Sentiment Analysis on Movie Reviews


  • P. Trupthi, Pandeti Madhura, Pooja Jehan, Pooja Polampalli, Aruna Kumara B


Sentimental analysis of movie reviews is basically excavating the judgements based on the existing movie analysis on the internet. This approach identifies and categorizes the subjective opinions to decide the attitude of the subject towards a particular text. These subjective opinions determine the satisfaction level of the subject. These subjective opinions also determine the success or the failure rate of the text. The polarity or the differences between these opinions are found using various pre-processing techniques i.e. filtering of data by converting the text into words, removing the stop words and negating the neutral opinions. And for the faster processing, Feature Extraction and Feature Selection techniques are used as it reduces the word count by eliminating redundant contents.

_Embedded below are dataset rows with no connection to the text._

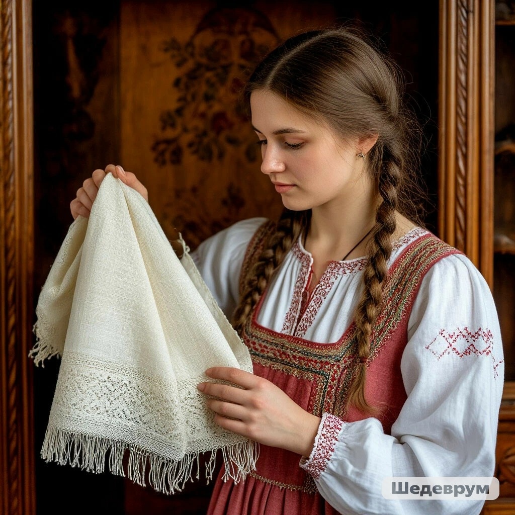 Взгляд её зацепился за белёный ничем не вышитый рушник, девушка спросила:
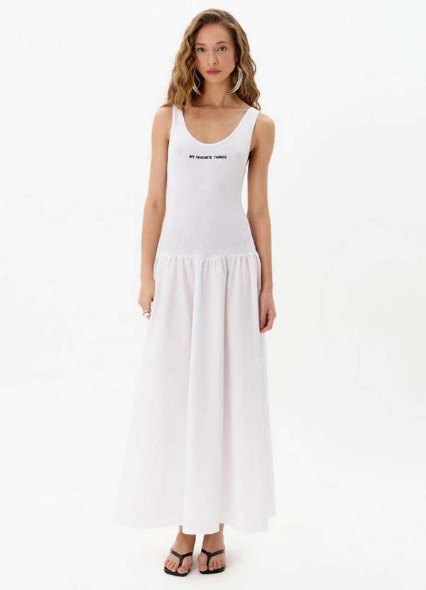 o vestido super midi com caimento amplo e fluido é perfeito para um look prático e fashion. Conta com alças, decote redondo e bordado minimalista.
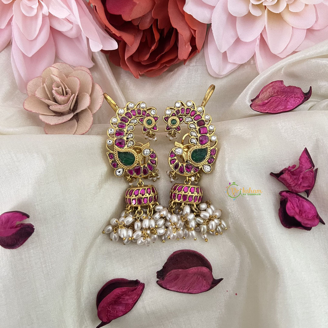 Experience the sublime elegance of Vriksham's Peacock Kundan Jadau Cuff Jhumkas. These distinguished ornaments showcase the revered peacock motif—a symbol of grace and nobility—meticulously crafted using traditional Kundan Jadau techniques. The refined palette of rich red, verdant green, and pristine white creates a harmonious composition, thoughtfully enhanced with delicate rice pearls that add subtle luminosity. The innovative cuff jhumka design offers both the classic cascade effect and secure comfort.
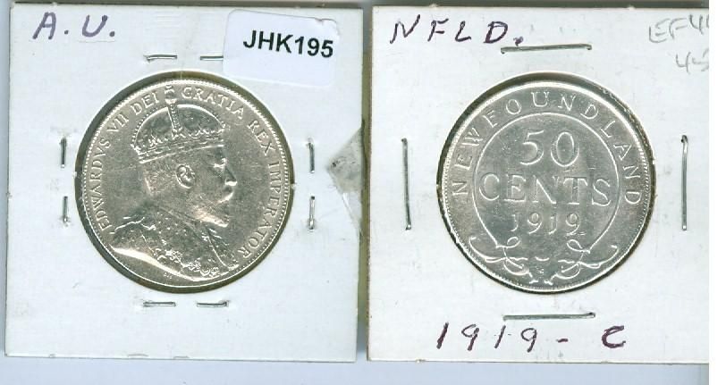 1904H & 1919c Nfld 50¢. Lot of 2 coins both EF.
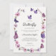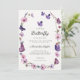 Uma ilustração encantadora de aquarela com um tema "Pequena Borboleta", com borboletas roxas e flores silvestres roxas e cor-de-rosa em um estilo bonito e adorável decora este convite de chá para menina que é perfeito para uma celebração de primavera ou verão.
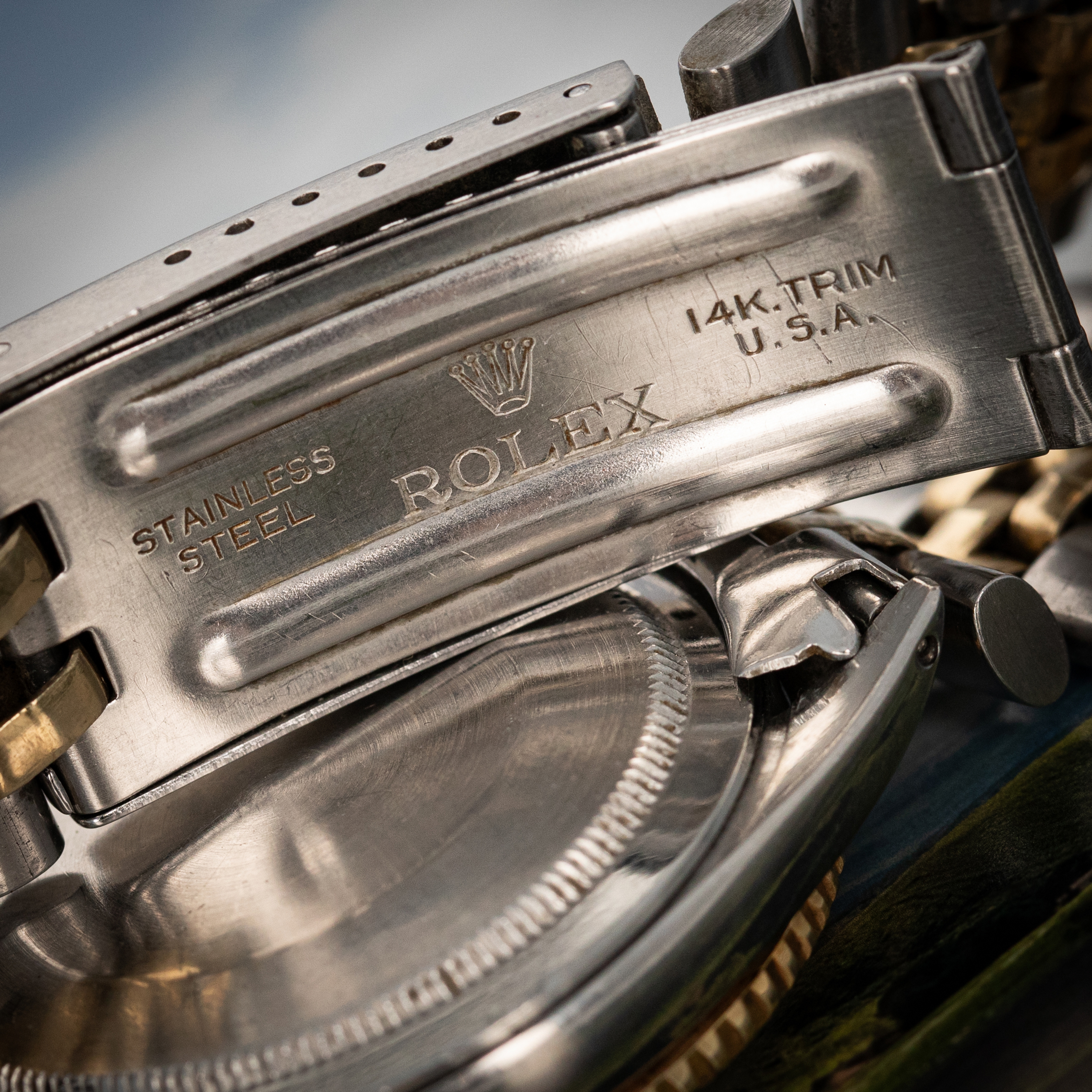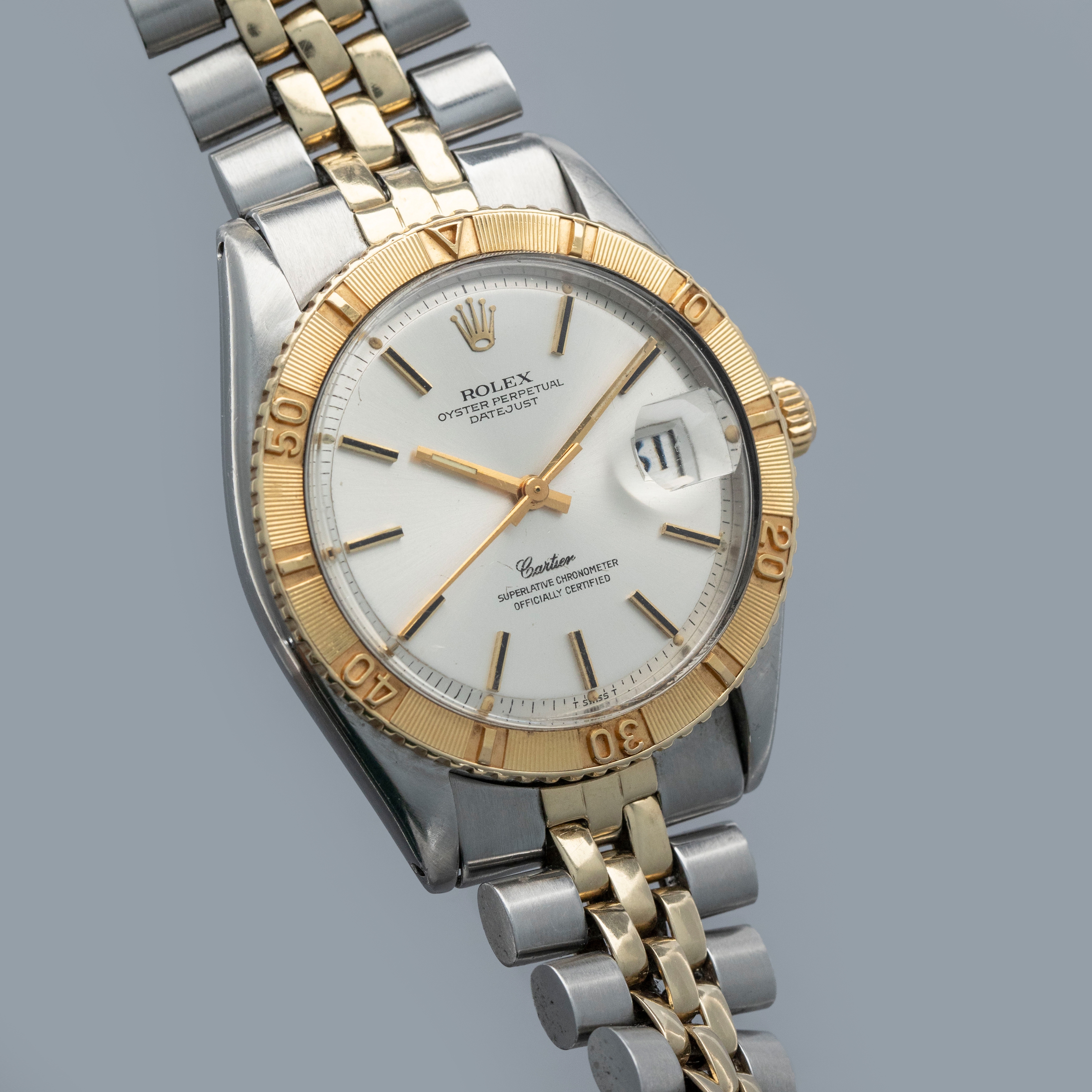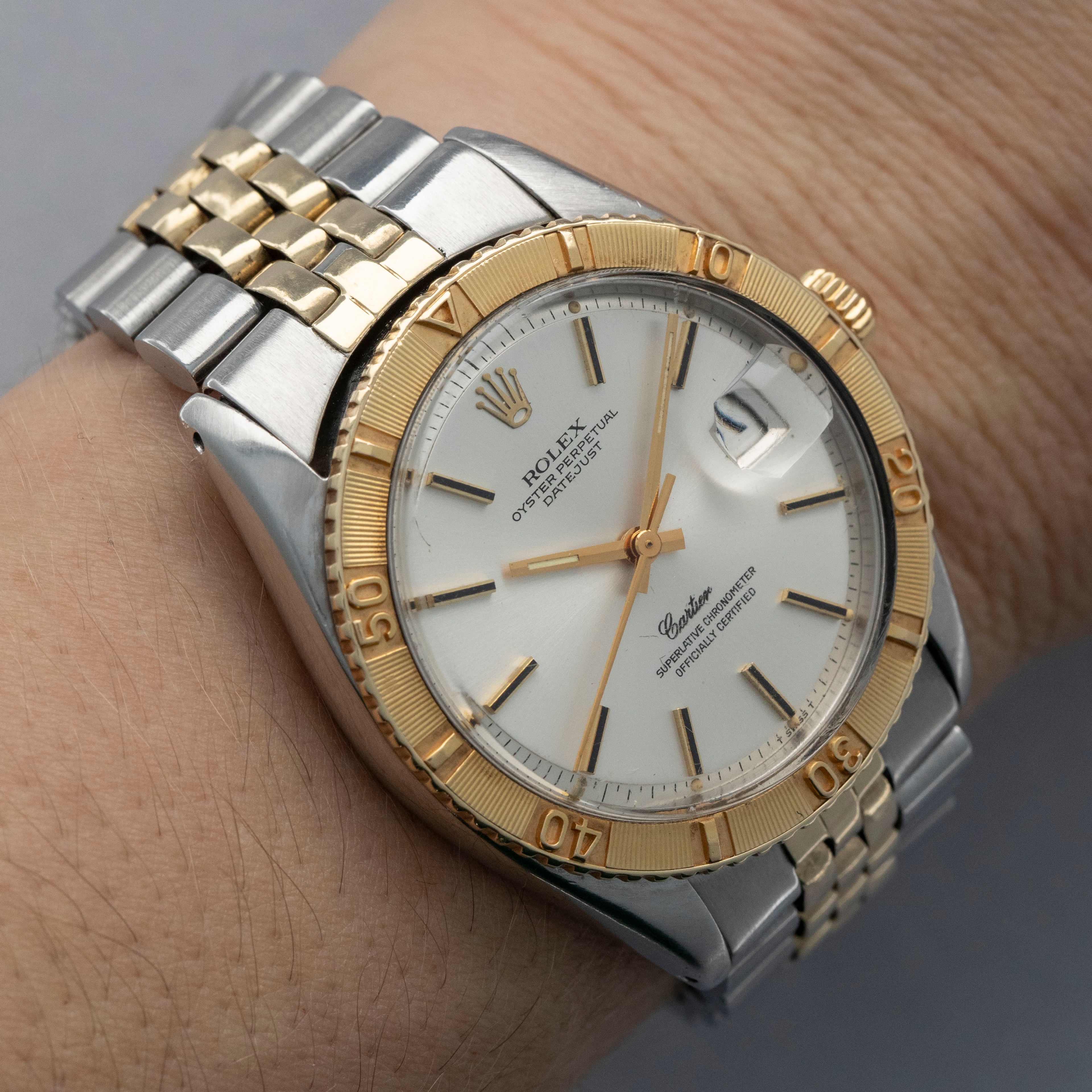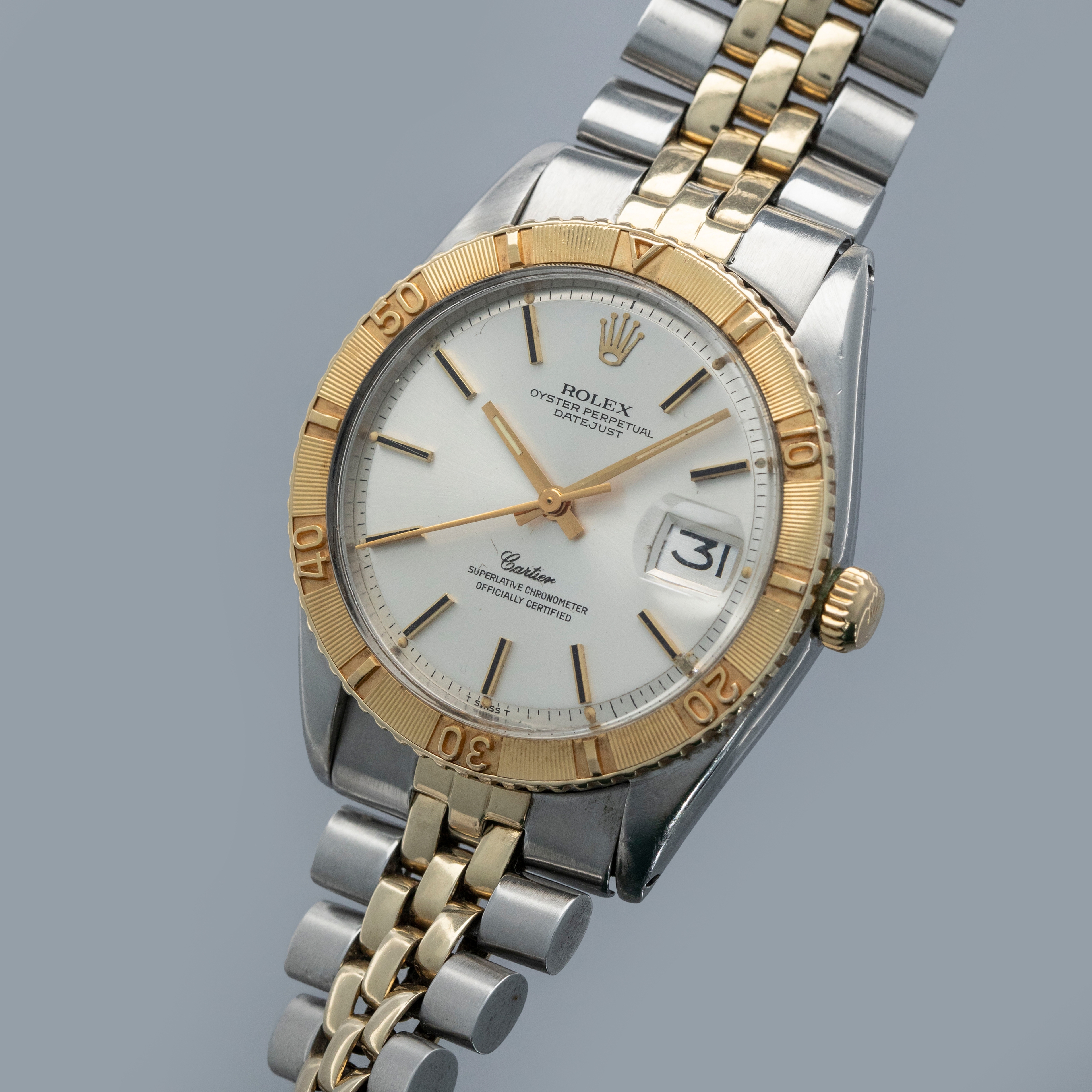 Initially launched in 1953, the Rolex Turn-O-Graph's release sparked an exciting turning point in the brand’s rich horological history. Considered Rolex's first serially produced tool watch, the Turn-O-Graph was iconic for its eponymous feature; its bidirectional rotatable bezel. Armed with such a useful function, the Turn-O-Graph was designed to measure and record time much like a chronograph. Marketed to international business travellers, the Turn-O-Graph was presented as a tool to perform quick calculations due to its bezel. As such, the Turn-O-Graph was chosen by the United States Air Force’s aerobic squadron, the Thunderbirds, to aid in their pilots' navigational calculations. Recognizing the opportunity, Rolex marketed the Turn-O-Graph as the "Thunderbird" in the North American market. As sales for the Turn-O-Graph began to decline following the Submariner and GMT-Master’s launches due to their similar design and heightened utility, the Turn-O-Graph name only remained in use until the early 1960s before it was discontinued. As such, original Turn-O-Graph references have become increasingly sought-after thanks to their brief yet meaningful impact on Rolex’s evolution as a watchmaker. Offered here we have the Thunderbird ref. 1625, the last original Turn-O-Graph model to be given Thunderbird moniker by Rolex. Produced from 1959 until 1977, the ref. 1625 marked the bulk of Turn-O-Graph’s history as we know it thanks to its long production run. Offered in a selection of metals from stainless steel with just an 18kt white gold bezel, stainless steel, 18kt yellow goldand even two-tone like we have it here, the ref. 1625’s engine-turned rotating bezel and Jubilee bracelet combine to create an alluring timepiece that we can’t help but fawn over.

The accuracy of these subjective opinions is governed by using certain classifiers such as Naive Bayes, Logistic Regression, Decision Tree, Random Forests, KNN, SVM, and Adaptive Boosting. Each classifier has a different accuracy rate processes based on the given code values. This paper focuses to find out which classifier gives the most accurate result.

Keywords:Sentiment Analysis, Polarity, Sentiments, Movie reviews, Feature extraction,Classifier, Feature selection, Accuracy.